Inspired by the hair structures occur in nature at different scales with multiple functionalities, Cilllia looks at new ways of 3D printing dense hair on flat and curved surfaces. It allows users to design and generate hair geometry at 50 micrometer resolution and assign various functionalities to the hair, such as mechanical adhesion property; new passive actuation and touch sensing on a 3D printed artifact. The project envisions a future where physical materials’ properties and functions, whether eletrical or mechanical can be encoded in the material fabrication process directly by users.

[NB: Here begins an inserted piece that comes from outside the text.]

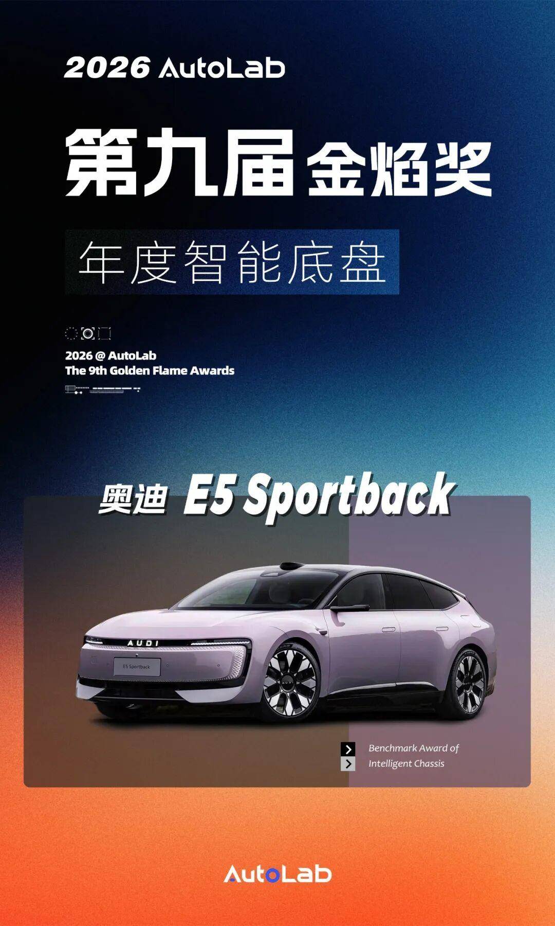 在总计3853张有效投票中,奥迪E5 Sportback拿到了其中的2394票,奥迪E5 Sportback以超过62%的得票率获得【年度智能底盘】

Jifei Ou (欧冀飞) is a designer, researcher and PhD candidate at the MIT Media Lab, where he focuses on designing and fabricating transformable materials across scales (from μm to m). Physical materials are usually considered as static, passive, and permanent. Jifei is interested in finding ways to redesign physical materials with the characteristics of digital information, such as the ability to change shape and and to be programmable. Such new materials could be used to construct a responsive living environment, accelerate the process of design and manufacturing, and enhance our existing interaction with products. As much as his work is informed by digital technology, he is inspired in equal measure by the natural world around him. He has been leading projects that study bio-mimicry and bio-derived materials to design shape-changing packaging, garments and furniture. An adventurer at heart, Jifei was born and raised in southwest China and has brought his design practice and scientific research to Asia, Europe and the U.S. His works have been published in academic conferences such as User Interface Software and Technology (UIST, 2013 & 2016), Tangible Embodied and Embedded Interaction (TEI, 2014 & 2016) and Computer-Human Interaction (CHI, 2015 & 2016); interviewed and featured in publications such as Forbes, Discovery and Science Friday; awarded by design competitions such as A’ Design Award (2016), IXDA award (2016), CORE77 design award (2015), iF design award (2015), etc. He has been organizing workshops on shape-shifting materials with researchers, high school students and artists around the world. He is also deeply involved in the manufacturing community in Shenzhen in order to facilitate the real world application of his research. Jifei holds an MS from the MIT Media Lab and a Diplom in Design from the Offenbach University of Art and Design in Germany.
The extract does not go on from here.